The 37-year-old journey has resulted in a museum with a collection of more than one lakh records and over 250 gramophones. This is a first of its kind in the country and has featured in the list of ‘5 different museums to visit in India’ in Label online magazine.
When asked why a museum, he replies, “Machines and records started piling up in the bedroom and living room until we found little space in the house to live. We conducted an exhibition at Kozhikode, and some of the records were stolen. It is then that we decided to build a museum so that people who hold a passion could come visiting.” He isn’t alone in this journey. There is his friend Muhammed Shafi, who often helps him collect rare records.
It is through his link with the Society of Record Collectors and its founder Suresh Chandvanker that he realised the importance of collecting sounds. The oldest of the collection is an 1898 record of an English song. He also has a shellac record that dates back to 1911 in Malayalam. The archive also has a good collection of early south Indian music.

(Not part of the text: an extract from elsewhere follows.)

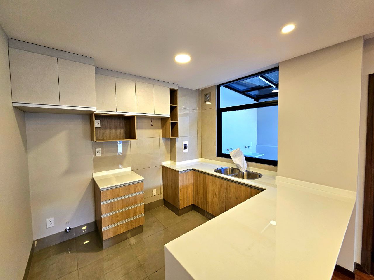 ● Cocina con mesones de mármol y muebles altos/bajos

“Very few governments have created a national sounds archive. There is the danger of the history of sound which is only about 160 years old and the national heritage associated with it getting lost. In this situation, private collectors play an important role. They are doing what the government was supposed to do. Sunny Mathew and his museum is one good example.
“What he is doing is really important when it comes to preserving the cultural heritage of sounds,” says Grammy award nominee Reiner Lotz who is here to attend the second anniversary celebrations of ‘Discs and Records’ located next to Bharananganam at Kottayam. It is indeed a museum with a difference and it’s time we acknowledge it.